Adaptive pre-processing of Directed Acyclic Graphs

A new algorithm for reachability and least upper bound lookups

Computer component We present a unified framework for pre-processing Directed Acyclic Graphs (DAGs) to lookup reachability between two vertices as well as compute the least upper bound of two vertices in constant time.

Our framework builds on the adaptive pre-processing algorithm for constant time reachability lookups presented in [1] and we have extended the approach in [1] to lookup least upper bound of a vertex-pair in [2].

Algorithms for pre-processing DAGs do not normally exploit the structural variety in DAGs. As a first step, our approach decomposes the DAG and abstracts away from interconnections between vertices to those between sets of vertices (which we call clusters). Consequently, the pre-processing algorithm operates at a coarser granularity compared to connections between vertices.
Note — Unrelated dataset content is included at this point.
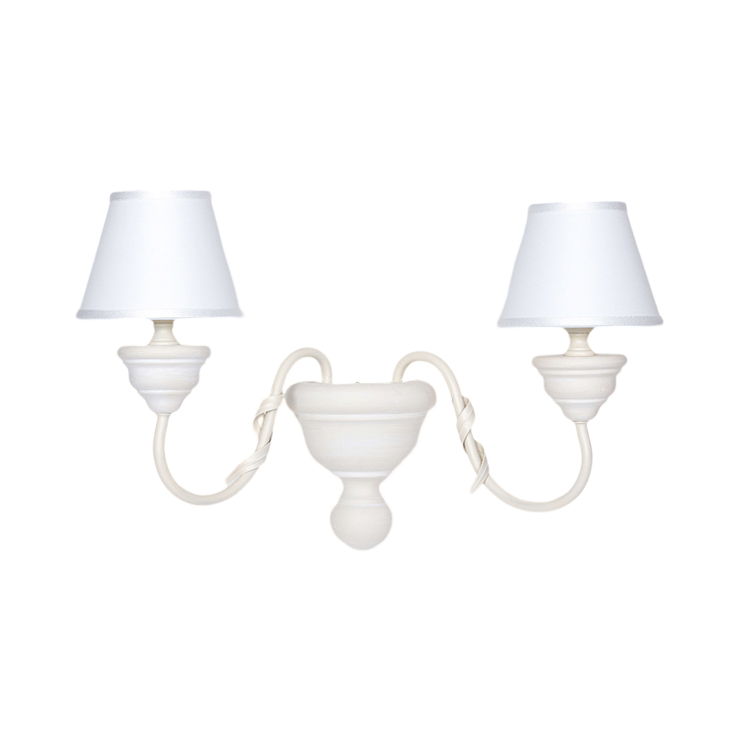 Applique In Legno Classico Crema Sbiancato Con Paralume 2 Luci Smergo

Our approach seamlessly adapts the pre-processing overhead based on the size and incidence of clusters in the DAGs and greatly reduces the computational costs of pre-processing from super-cubic to near-linear for sparse graphs. While the proposed framework can be applied to a wide variety of fields, we present its application to the field of computer security which is the focus of our research.

Applications to security

The unified framework has a direct application to the analysis of programs for verifying confidentiality (or integrity) of information.

Consider a program shown in figure 1 where we read 4 inputs (IP1 through IP4) and produce 4 outputs (OP1 through OP4). Each of these inputs could be associated with a privilege level that defines the level of clearance required to access that information.

Similarly, when the outputs of the program are written back, they are stored with an associated privilege level. In order to ensure confidentiality is preserved for the inputs, it is necessary that the outputs must have a privilege level that is at least as restrictive as the inputs.

Figure 1: A program reading 4 inputs (marked IP1 through IP4) and producing 4 outputs (marked OP1 through OP4)

Figure 1: A program reading 4 inputs (marked IP1 through IP4) and producing 4 outputs (marked OP1 through OP4)

Normally, discrete privilege levels are ordered using a security lattice to define relative access levels allowed at each privilege level.

For subsequent discussions, let us assume that the privilege levels for the inputs are represented as ip1, ip2, ip3 and ip4 for IP1, IP2, IP3 and IP4 respectively and the output privilege levels are represented as op1, op2, op3 and op4 respectively.

Additionally, let us assume that these levels are ordered over a security lattice. In this context, in order to ensure confidentiality of inputs, it is necessary that glb(ip1, ip2, ip3, ip4) < lub(op1, op2, op3, op4). Here, the least upper bound or lub, greatest lower bound or glb (dual of lub) and < operations correspond to the join, meet (dual of join) and ordering lookups over the lattice that defines an ordering over the discrete privilege levels.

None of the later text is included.